Butler Turizm Yaşam Döngüsü Modeli
Turizm Yaşam Döngüsü (TALC), bir turizm destinasyonu gelişiminde yer alan aşamaları açıklamak için Butler (1980) tarafından geliştirilen aşamalı bir modeldir. Butler (1980) üretim sektöründeki “yaşam döngüsü” teorisine benzer şekilde turistlik destinasyonların nasıl bir süreç geçirdiğini ele almıştır ve aynı zamanda yerel halkın turizme yönelik tutumlarının nasıl şekillendiğini ve farklılaştığını ortaya koymuştur. Butler (1980), geliştirmiş olduğu turizm yaşam döngüsünü modelinde turistlik destinasyonlarda turizmin gelişmesini altı aşamada ele almıştır. Bu gelişim aşamalarını, Keşif Süreci, Katılım Süreci, Gelişim Süreci, Pekişme Süreci, Durgunluk Süreci, Düşüş Süreci ile Yenilenme süreçleri oluşturmaktadır.
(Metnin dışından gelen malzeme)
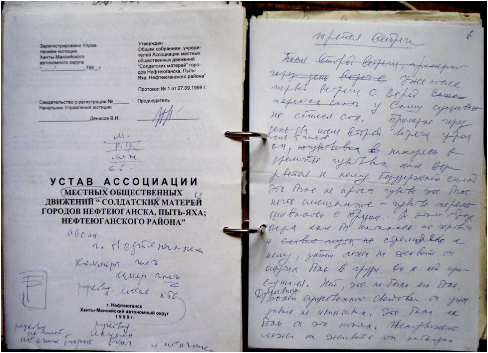 Александр решил пойти несколько вглубь, обратив внимание на то , что расположено рядом с данным документом под названием «Третья встреча», и что- на обороте документа, поскольку он, как правило, использовал для записей черновики. Для предыдущей записи того периода Александр использовал в качестве черновика Устав ассоциации местных общественных движений «Солдатских матерей городов Нефтеюганска, Пыть-Яха; Нефтеюганского района», протокол ассоциации был утверждён 27.09.1999 . В тот период времени он разработал этот устав , поскольку к нему обратились за помощью в оказании подобной юридической услуги. Здесь интересны с позиции анализа сегодняшнего дня несколько факторов. Первый: В 1999 г., разрабатывая устав, Александр не вникал в причины войны в Чечне и рассуждал примерно так. Что это матери кипишуют, сынков из армии стремятся вытащить. Пришло время защищать Отечество, пусть идут и защищают. Сейчас же он смотрел на ту ситуацию совершенно по-другому. Второй фактор- это наглядное проявление нелинейности времени, которое указывало на динамику его развития и которое заключалось в следующем: протокол общего собрания согласно уставу , утверждён 27.09.1999 . Через три года Александр впадает в состояние невменяемости в связи с соединением с энергиями прошлого: взрывов в Москве, Волгодонске, с покушением на взрыв в Рязани, с бомбардировкой Грозного. Это было 30.09.2002. Далее, 30.09.2006 умирает его мать. Через три года, 29.09.2009, он падает в обморок, соединившись с энергией Путина В.В., по оси 27- ых градусов Стрельца- Близнецов (она же- ось сексуального маньяка убийцы Чикатило А.Р.). При этом, следует иметь ввиду, что Путин В.В. пришел в 1999 к власти, организовав эту самую Чеченскую войну , движимый своими личными низменными потребностями. И, наконец, 28.09.2023 согласно решению Совета Адвокатской палаты ХМАО на основании информации судьи он утрачивает статус адвоката. Пройдя колоссальный путь развития, проведя исследования, установив причины своей невменяемости, он указал по делу «Г» на факт невменяемости последнего вследствие подключения к энергии Главы государства, который являлся в прошлом изменником Родины Власовым А. А. и Екатериной II. Власть в России этих знаний страшится , следовательно, в том составе, в котором существует государственная власть , у России нет будущего.

Keşfetme Süreci (Exploration)
Bir turistlik destinasyonda turizmin başlangıcının ilk aşamasını oluşturmaktadır. Bu süreçte bölgeye kendi imkanlarıyla çok az sayıda turist gelmektedir ve seyahatler düzensizdir. Bu aşama genellikle sınırlı erişim, sınırlı bilgi ve yetersiz tesisler nedeniyle ziyaretçi sayısı oldukça sınırlıdır. Az sayıda turisti bölgeye çeken temel faktörler benzersiz doğal güzellikler ile kültürel ve tarihi özelliklerden kaynaklamaktadır. Bu süreçte turistler için özel olarak belirlenmiş ya da inşa edilmiş mekânların olmadığından dolayı turistler yerel halkın kullandığı imkanları kullanmaktadır. Bundan dolayı keşfetme sürecinde turistlerin yerel halk ile iletişim ve etkileşimleri çok daha yüksektir. Bu aşamadaki yerel halk ile turist arasındaki ilişki, doğal, samimi ve içtendir. Aynı zamanda bu süreçte turizmin bölgenin fiziki dokusu üzerinde bir etkisi söz konusu olmadığı gibi bölge halkının ekonomik ve sosyal yaşamı üzerinde hissedilebilir bir etkisi de yoktur.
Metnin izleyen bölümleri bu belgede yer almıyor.